** SOURCE MATERIAL follows **
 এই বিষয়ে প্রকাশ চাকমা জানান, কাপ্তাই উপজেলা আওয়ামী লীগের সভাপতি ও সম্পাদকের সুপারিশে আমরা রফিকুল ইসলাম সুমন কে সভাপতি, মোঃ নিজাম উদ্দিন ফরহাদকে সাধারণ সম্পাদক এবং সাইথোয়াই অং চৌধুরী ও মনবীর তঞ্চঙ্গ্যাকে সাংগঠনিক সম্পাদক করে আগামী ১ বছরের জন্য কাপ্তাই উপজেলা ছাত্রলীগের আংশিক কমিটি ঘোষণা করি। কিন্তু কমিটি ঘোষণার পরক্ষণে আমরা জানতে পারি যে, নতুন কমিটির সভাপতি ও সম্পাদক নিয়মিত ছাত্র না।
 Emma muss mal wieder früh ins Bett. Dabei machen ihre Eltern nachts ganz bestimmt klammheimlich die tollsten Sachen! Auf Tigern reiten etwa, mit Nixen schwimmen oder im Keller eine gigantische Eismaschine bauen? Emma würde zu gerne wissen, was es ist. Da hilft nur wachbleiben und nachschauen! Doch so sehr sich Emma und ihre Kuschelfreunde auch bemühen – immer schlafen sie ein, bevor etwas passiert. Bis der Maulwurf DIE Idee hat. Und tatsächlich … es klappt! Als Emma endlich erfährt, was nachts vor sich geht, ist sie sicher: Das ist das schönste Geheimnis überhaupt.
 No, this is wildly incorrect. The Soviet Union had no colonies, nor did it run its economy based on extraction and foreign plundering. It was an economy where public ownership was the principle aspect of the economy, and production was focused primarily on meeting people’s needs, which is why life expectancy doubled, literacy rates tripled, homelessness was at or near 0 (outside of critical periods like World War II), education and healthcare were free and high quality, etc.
** End of SOURCE MATERIAL **
** SOURCE MATERIAL follows **
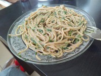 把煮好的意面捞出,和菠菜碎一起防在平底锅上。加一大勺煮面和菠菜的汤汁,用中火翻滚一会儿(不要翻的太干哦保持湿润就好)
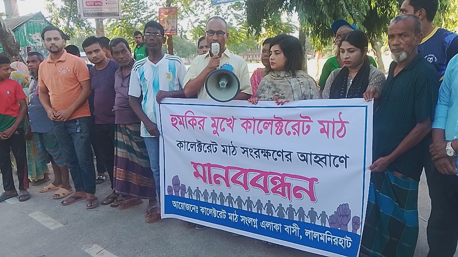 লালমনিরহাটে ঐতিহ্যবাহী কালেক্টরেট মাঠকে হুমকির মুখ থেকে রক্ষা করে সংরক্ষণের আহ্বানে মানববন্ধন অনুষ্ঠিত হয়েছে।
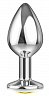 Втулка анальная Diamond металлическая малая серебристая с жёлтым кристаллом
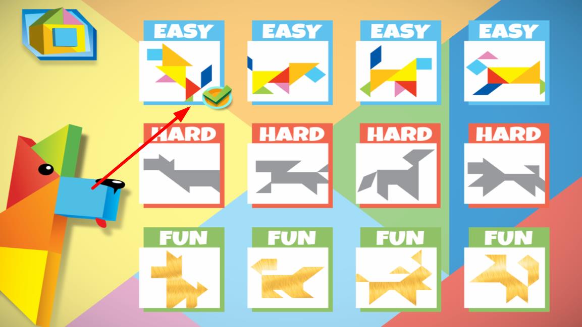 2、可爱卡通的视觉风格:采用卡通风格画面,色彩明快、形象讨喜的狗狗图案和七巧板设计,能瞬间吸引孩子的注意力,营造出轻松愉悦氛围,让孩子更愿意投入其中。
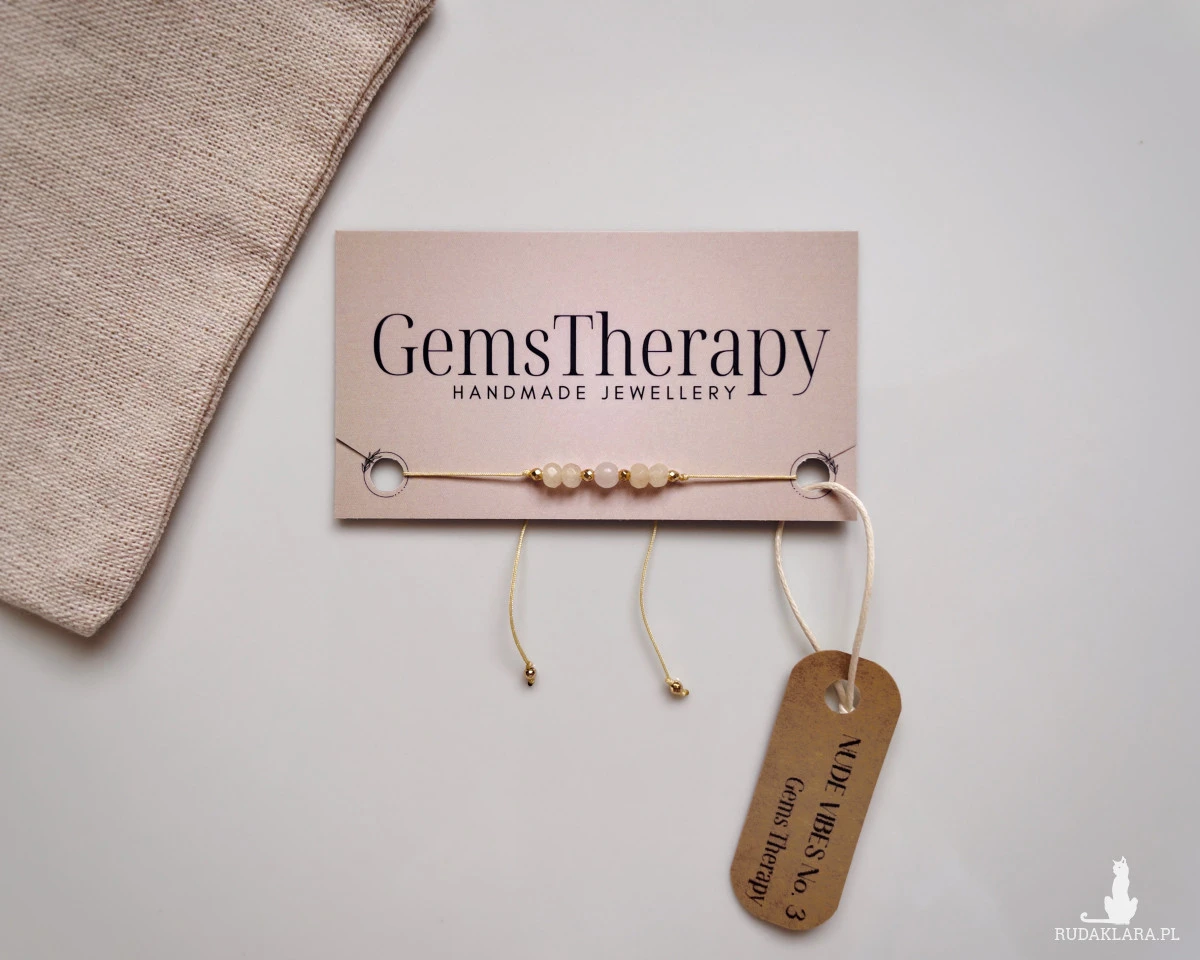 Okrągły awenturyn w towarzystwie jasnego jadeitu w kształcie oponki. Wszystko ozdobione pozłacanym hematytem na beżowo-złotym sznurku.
** End of SOURCE MATERIAL **
*INSTRUCTIONS FOR THE TASK*. Retype only the stretch of lines above starting at the one with "এই বিষয়ে প্রকাশ" and stopping at the one with "No, this is", exactly as written, with both kept.

*WRITTEN SOLUTION*.
 এই বিষয়ে প্রকাশ চাকমা জানান, কাপ্তাই উপজেলা আওয়ামী লীগের সভাপতি ও সম্পাদকের সুপারিশে আমরা রফিকুল ইসলাম সুমন কে সভাপতি, মোঃ নিজাম উদ্দিন ফরহাদকে সাধারণ সম্পাদক এবং সাইথোয়াই অং চৌধুরী ও মনবীর তঞ্চঙ্গ্যাকে সাংগঠনিক সম্পাদক করে আগামী ১ বছরের জন্য কাপ্তাই উপজেলা ছাত্রলীগের আংশিক কমিটি ঘোষণা করি। কিন্তু কমিটি ঘোষণার পরক্ষণে আমরা জানতে পারি যে, নতুন কমিটির সভাপতি ও সম্পাদক নিয়মিত ছাত্র না।
 Emma muss mal wieder früh ins Bett. Dabei machen ihre Eltern nachts ganz bestimmt klammheimlich die tollsten Sachen! Auf Tigern reiten etwa, mit Nixen schwimmen oder im Keller eine gigantische Eismaschine bauen? Emma würde zu gerne wissen, was es ist. Da hilft nur wachbleiben und nachschauen! Doch so sehr sich Emma und ihre Kuschelfreunde auch bemühen – immer schlafen sie ein, bevor etwas passiert. Bis der Maulwurf DIE Idee hat. Und tatsächlich … es klappt! Als Emma endlich erfährt, was nachts vor sich geht, ist sie sicher: Das ist das schönste Geheimnis überhaupt.
 No, this is wildly incorrect. The Soviet Union had no colonies, nor did it run its economy based on extraction and foreign plundering. It was an economy where public ownership was the principle aspect of the economy, and production was focused primarily on meeting people’s needs, which is why life expectancy doubled, literacy rates tripled, homelessness was at or near 0 (outside of critical periods like World War II), education and healthcare were free and high quality, etc.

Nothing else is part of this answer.